E nada encontrava, nada digno de ser chamado de vida, tudo ali era simples

questão de achismo. Tudo o que podia era continuar amando as suas

memórias e a família que alimentava com o seu intestino já quase inexistente

— e o seu reinado aumentava constantemente. Quando a louca decidia ceder

ao desespero eterno e acabar acabando com o seu próprio sufoco, uma hoste
de pássaros surgia no fundo daquele lugar. O cântico angelical reverberou por

toda extremidade daquele inferno, o doce consolo chegava a se entranhar nos

buracos roídos pelas larvas. A coitada se enchia de alegria novamente, caindo

no maldito mar de lágrimas e gritos de alívio, a vida enfim residia ao seu lado.

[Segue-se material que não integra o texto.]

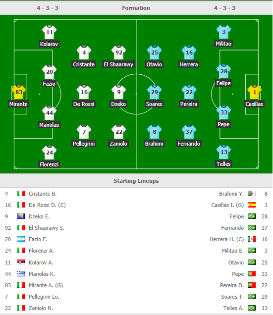 AEGoal.net cập nhật chính xác ĐỘI HÌNH RA SÂN trận AS Roma vs Porto diễn ra lúc 03h00 ngày 13/02 trong khuôn khổ Vòng 1/8 Champions League
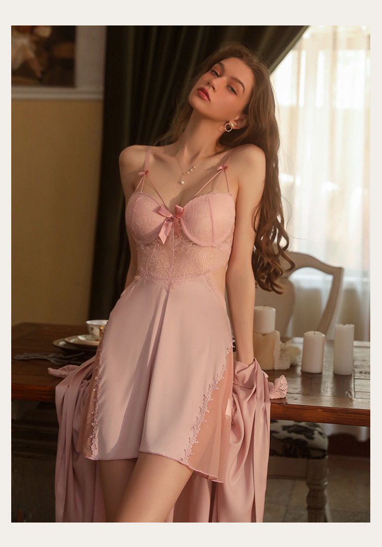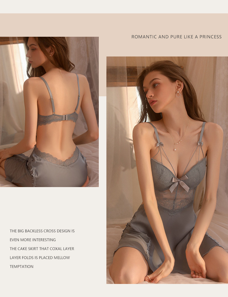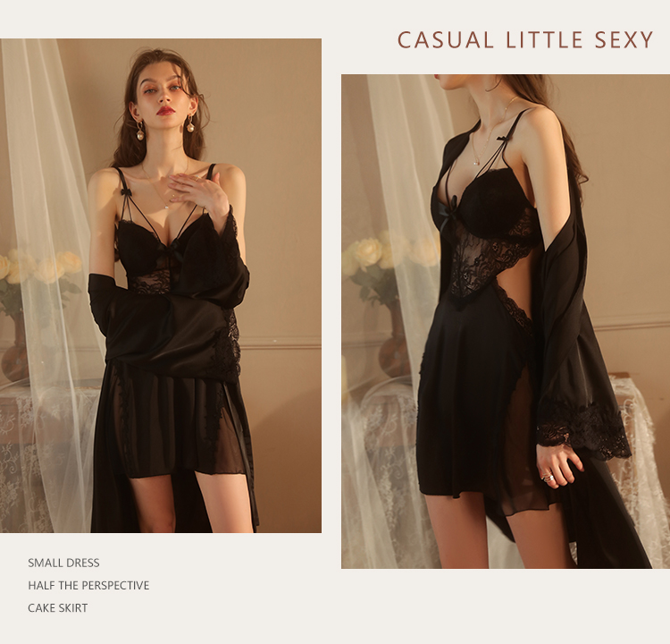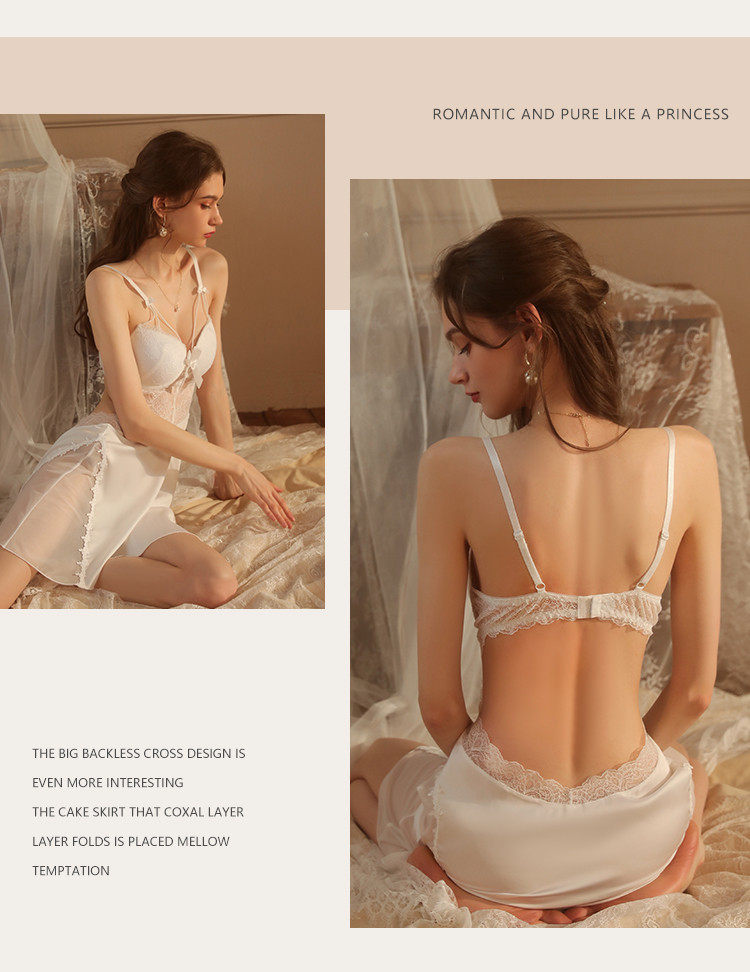 洛兰沙 2023新款外贸冰丝蕾丝吊带和两件套-2044欧拉 白色

As aves pousavam no corpo fúnebre daquela que chorava, se alimentando de

todo servo descarado que habitava nela. Infelizmente a felicidade durava pouco

e os pássaros deixaram de causar alegria no momento que as bicadas

miravam nas tripas expostas da mulher, mas por incrível que pareça, aquilo

não abalou sua alegria que ainda era imensurável — por mais que aquelas

pestes devorassem o que restava de seu corpo. Há males que te causam

alegria, mas que ainda assim escancaram as mandíbulas para te destruir.

Capítulo III.

E então projéteis eram disparados do alto do purgatório vivo, focando-os na

escuridão e provavelmente para matar aqueles pássaros malditos que haviam

se escondido ali. Quando as flechas alvejaram algumas daquelas aves, o canto

belo havia se tornado sons de socorro, como os de alguém que morria

rapidamente. Muitas daquelas flechas acertavam pernas e partes do pulmão da

garota, mas ela ainda não ligava para seu próprio corpo. Ela gritava feito uma

besta selvagem, buscando afugentar aqueles pássaros que caíam desfalecidos

e buscando salvar a vida que restava ainda. Sangue escapava por todo o seu

peito e também de sua boca, o silêncio voltava a ser ensurdecedor, algumas

migalhas de algum plantio era carregado por um último pássaro — que ainda

em seu fim — cantava em uma melodia de consolo, alegrando aquela pobre


moça em seu fim de vida também. A última flecha lhe acertava o olho e

acabava por atravessar sua cabeça, mas nada disso era suficiente para tirar o

sorriso meigo que se formava naquela escuridão, brilhando somente a lágrima

fina que se misturava ao sangue forte.

O caçador voltava à sua casa e alimentava os seus filhos, voltando ao quarto,

enquanto olhava a moldura que cercava uma foto de sua esposa. Ele ainda a

procurava.

A vida iria presentear aquela mulher incrível; uma árvore acabava por brotar

em seu coração. Uma semente se plantou naquela circunstância rigorosa, se

alimentando do sangue frio e da terra adubada pela carniça animal. A planta

crescia sem parar e em pouquíssimo tempo ela alcançou o topo daquele

abismo enorme, não parando por aí, e continuando a crescer. Se criou com

tanta vida e amor, que a ela foi dada o nome da esposa ainda desaparecida do

caçador, cujo a todos nós ainda é desconhecido. Do pranto, a sublime estrutura

orgânica nasceu, com suas raízes fortes e inundando o abismo com sua luz, o

propósito de sua rainha era o de morrer, sim, esse era seu propósito. Seu

objetivo era parir uma criança que levasse graça ao abismo, em meio aos

súditos fiéis que habitavam na mulher chorosa, poderia descansar em paz, mas

jamais saberia de seu real objetivo, lamentando-se durante o limbo infindável,

agora sem sua preciosa realeza.

Memórias, larvas, pássaros e flechas.